◆ **EXERCISE REQUIREMENTS**:
Repeat only these lines, exactly: the first line of the data, the line containing "并且,通过力矩与动量的螺旋方", and every line between them. Pictures stay out.

** RAW DATA follows **

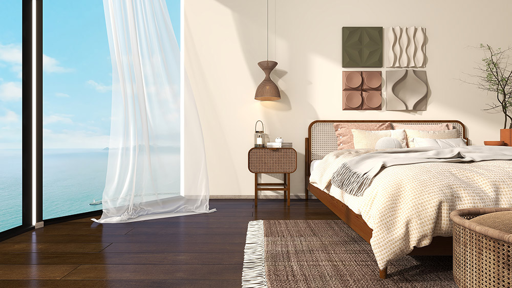 充分汲取天地之精华生长而成的优质阔变豆,绚丽的花纹,致密的纹理,木材间散发着古朴风韵,交错的纹理大大延长了产品的使用寿命。
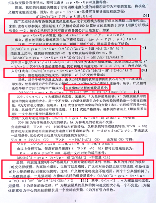 并且,通过力矩与动量的螺旋方程可以定量地计算出一般螺旋星系,如银河系,M33系等星系中存在不可忽略的“扰率”,存在“扰率”意味着星系圆盘将会被自然地螺旋化而扭曲成所谓的“翘曲”. 在牛顿平方反比力场中,如太阳系中,“扰率”很小,以致可以忽略.而“扰率”为0或可以忽略,这是建立广义相对论的数学基础----这一点,在很多介绍广义相对论的数学原理的书籍中都有说明和介绍.
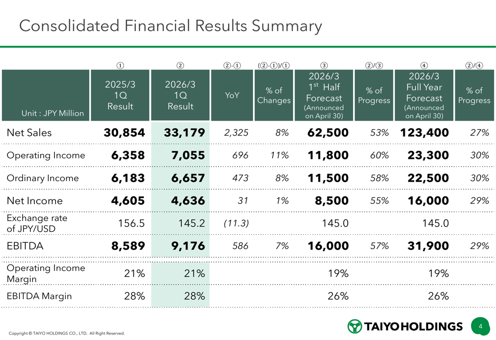A Taiyo Holdings reportou vendas líquidas consolidadas de ¥ 33.179 milhões para o 1º tri de 2026, representando um aumento de 8% em relação ao ano anterior, quando registrou ¥ 30.854 milhões no 1º tri de 2025. O lucro operacional cresceu em ritmo ainda mais acelerado, subindo 11% para ¥ 7.055 milhões, mantendo uma forte margem de lucro operacional de 21%.
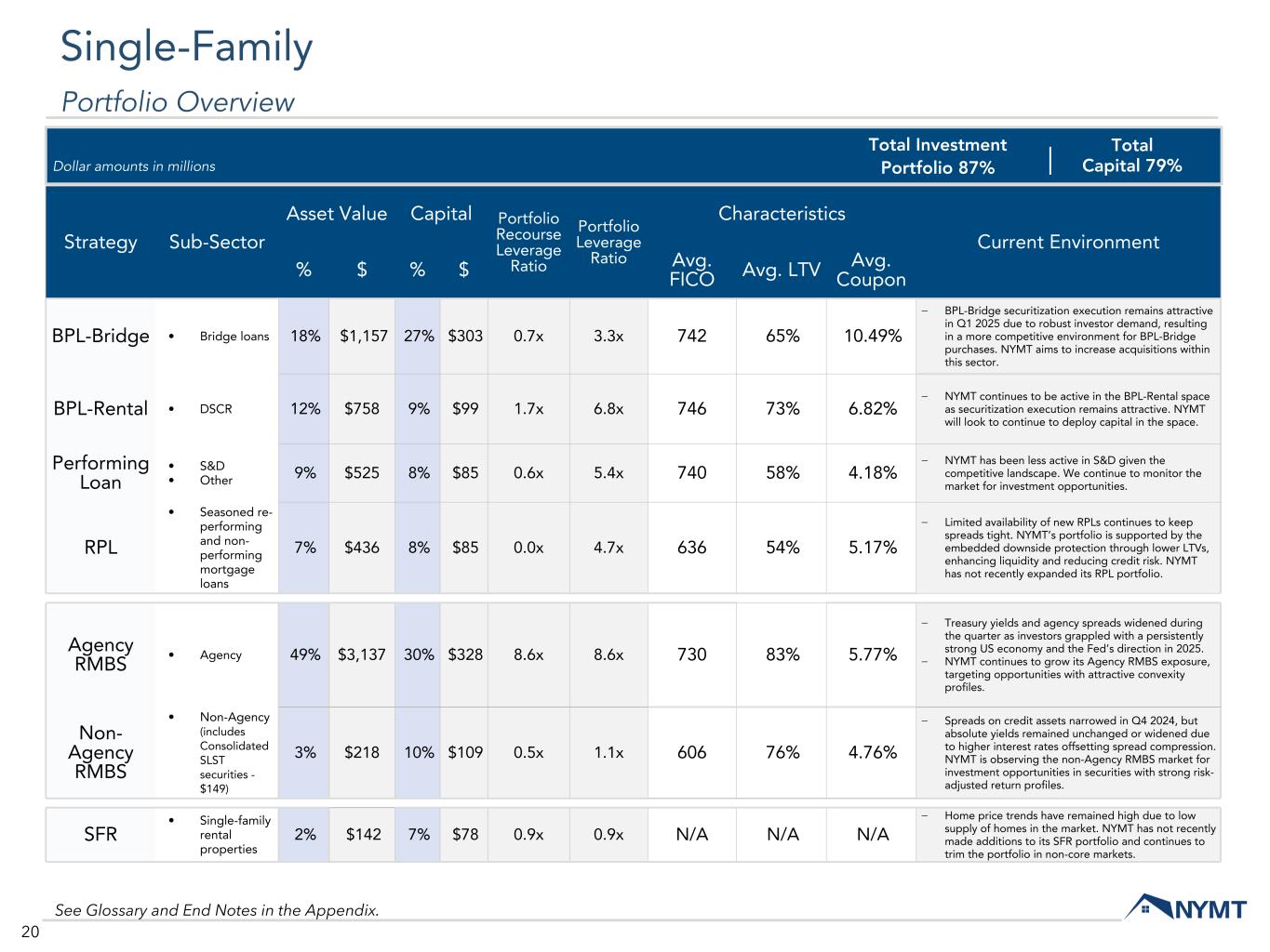 美元金额百万总投资组合87%策略子行业资产价值资本组合追索杠杆率组合杠杆率特征当前环境% $% $平均。FICO平均LTV平均。息票BPL-Bridge •过桥贷款18% $ 1,15727% $ 303 0.7x 3.3x 74265% 10.49% −由于投资者需求强劲,BPL-Bridge证券化执行在2025年第一季度仍然具有吸引力,导致BPL-Bridge购买的竞争环境更加激烈。NYMT的目标是增加该行业内的收购。BPL-Rental • DSCR12 % $ 7589% $ 99 1.7x 6.8x 74673% 6.82% − NYMT继续活跃在BPL-Rental领域,因为证券化执行仍然具有吸引力。NYMT将寻求继续在该领域进行资本布局。履约贷• S & D •其他9% $ 5258% $ 85 0.6x 5.4x 74058% 4.18% − NYMT鉴于竞争格局,在S & D方面的活跃度一直较低。我们继续监测市场的投资机会。RPL •过时的再表现和不良抵押贷款7% $ 4368% $ 85 0.0x 4.7x 63654% 5.17% −有限的新RPLs可用性继续保持利差紧张。NYMT的投资组合通过降低LTV、增强流动性和降低信用风险而获得内嵌下行保护的支持。NYMT最近没有扩大其RPL投资组合。机构RMBS •机构49% $ 3,13730% $ 328 8.6x 8.6x 73083% 5.77% −当季美国国债收益率和机构利差扩大,因投资者努力应对持续强劲的美国经济和美联储2025年的方向。− NYMT继续增加其机构RMBS敞口,瞄准具有吸引人的凸度轮廓的机会。非机构RMBS •非机构(包括合并SLST证券-149美元)3% $ 21810% $ 109 0.5x 1.1x 60676% 4.76% − 2024年第四季度信贷资产利差收窄,但绝对收益率保持不变或扩大,原因是较高的利率抵消了利差压缩。NYMT正在观察非机构RMBS市场,寻找具有较强风险调整后收益情况的证券的投资机会。SFR •单户出租物业2% $ 1427% $ 78 0.9x 0.9x N/A N/A N/A −由于市场房屋供应较少,房价趋势一直保持高位。NYMT最近没有对其SFR投资组合进行任何补充,并继续削减非核心市场的投资组合。总资本79%见附录中的词汇表和结尾注。20个单户家庭投资组合概览

** End of RAW DATA **

◆ **RESULT FOR THIS EXERCISE**:
 充分汲取天地之精华生长而成的优质阔变豆,绚丽的花纹,致密的纹理,木材间散发着古朴风韵,交错的纹理大大延长了产品的使用寿命。
 并且,通过力矩与动量的螺旋方程可以定量地计算出一般螺旋星系,如银河系,M33系等星系中存在不可忽略的“扰率”,存在“扰率”意味着星系圆盘将会被自然地螺旋化而扭曲成所谓的“翘曲”. 在牛顿平方反比力场中,如太阳系中,“扰率”很小,以致可以忽略.而“扰率”为0或可以忽略,这是建立广义相对论的数学基础----这一点,在很多介绍广义相对论的数学原理的书籍中都有说明和介绍.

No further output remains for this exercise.